Keywords: C26 mice; cachexia; metabolism; myogenesis; trimetazidine.

Figure 1. TMZ enhances C2C12 skeletal myoblast differentiation

(A) Representative pictures of C2C12 myoblasts differentiating for 48 hours in differentiating medium (DM) in the absence (Ctrl) or presence (TMZ) of different concentrations of TMZ and then stained with anti-MyHC antibody (green) and DAPI (blue) for nuclei detection. Quantification of fusion index after these treatments is shown in the histogram on the right. At least 30 fields were analyzed for each condition in four independentexperiments. Data are mean ± s.e.m. ^***p ≤ 0.005 by two-tailed Student’s t-test. Scale bar: 150 μm. (B) Representative pictures of C2C12 myoblasts differentiating for 72 hours in DM in the absence (Ctrl) or presence (TMZ) of TMZ. The higher level of fusion with TMZ is highlighted by the enlargement of the red labeled area. Scale bar: 100 μm.
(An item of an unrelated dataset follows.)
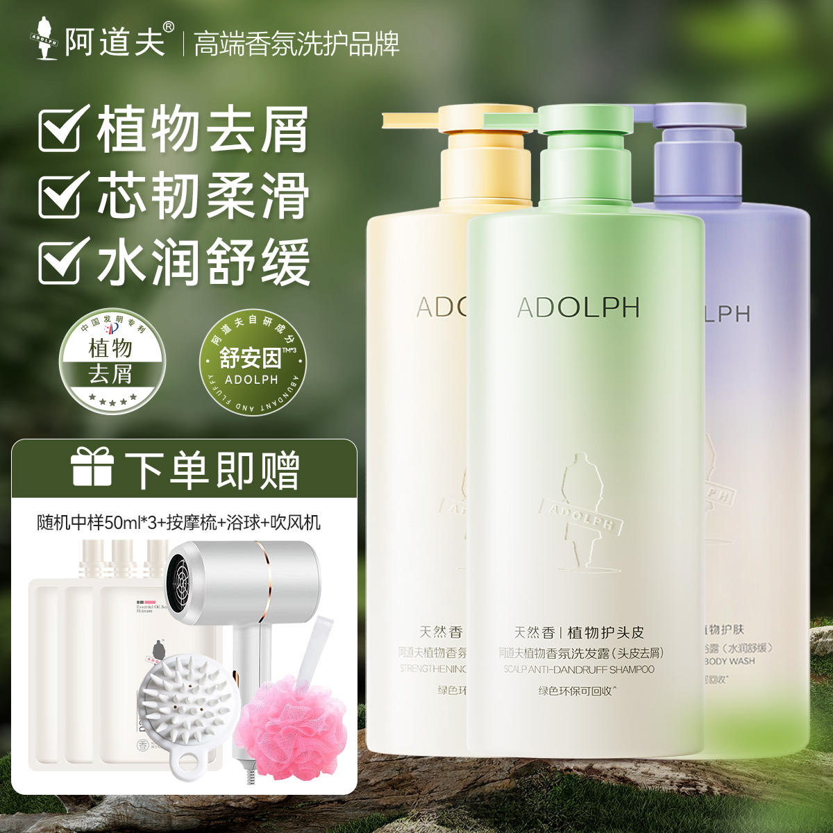 王一博同款阿道夫天然香植物去屑去油蓬松洗发水男女沐浴套装正品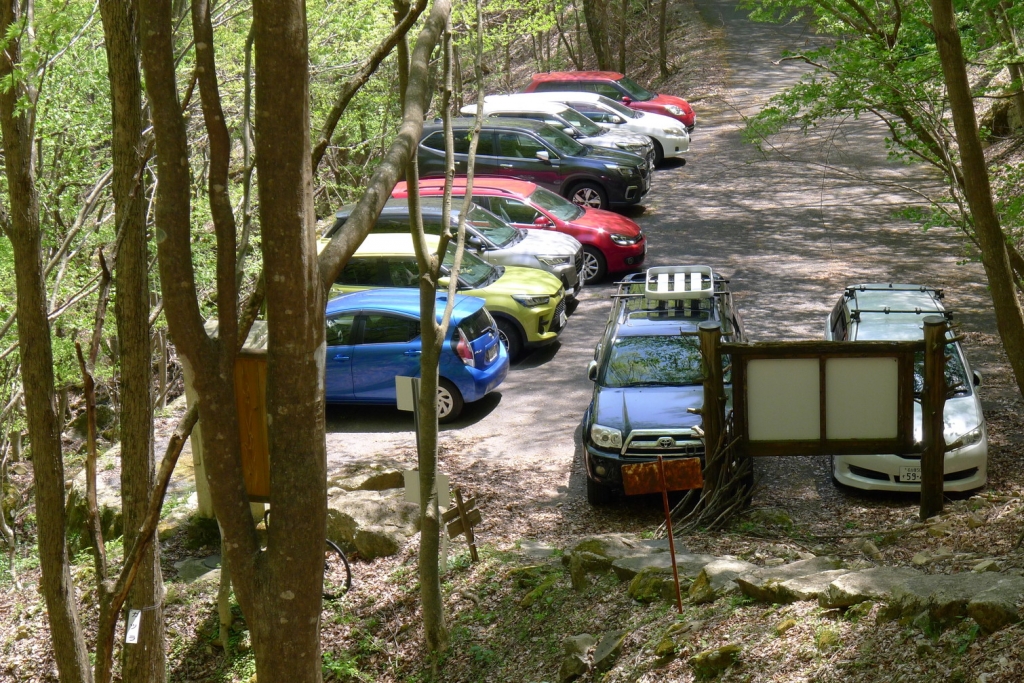 登山口に戻ると、車の数は10台に増えていた。名古屋、大阪ナンバーが多かった。 FIN

Figure 2. Myogenic genes are overexpressed upon TMZ treatment

(A) The mRNA levels of MyoD, Myogenin, Desmin and MyHC, were evaluated by quantitative real time PCR in C2C12 differentiating (for 24, 48 and 72 hours in DM) myoblasts treated (TMZ) or not (Ctrl) with 1 μM or 5 μM TMZ. Data were normalized to 18S used as internal control. Data display the percentage of mRNAs relative to untreated cells (24h in DM), which was arbitrarily set as 1. Data shown are the mean ± s.e.m. from three experiments each performed in triplicate. ^*p ≤ 0.05, ^**p ≤ 0.01 and ^***p≤ 0.005 by two-tailed Student’s t-test. (B) Representative pictures of C2C12 myoblasts differentiating for 8 hours in DM in the absence (Ctrl) or presence of 5μM TMZ (TMZ) and then stained to detect MyoD (green) and nuclei (DAPI, blue). Five experiments were performed. Scale bar: 75 μm. (C) Representative pictures of C2C12 myoblasts differentiating for 48 hours in DM in the absence (Ctrl) or presence of 5μM TMZ and then stained to detect Myogenin (red), MyHC (green) and nuclei (DAPI, blue). Five experiments were performed. Scale bar: 75 μm.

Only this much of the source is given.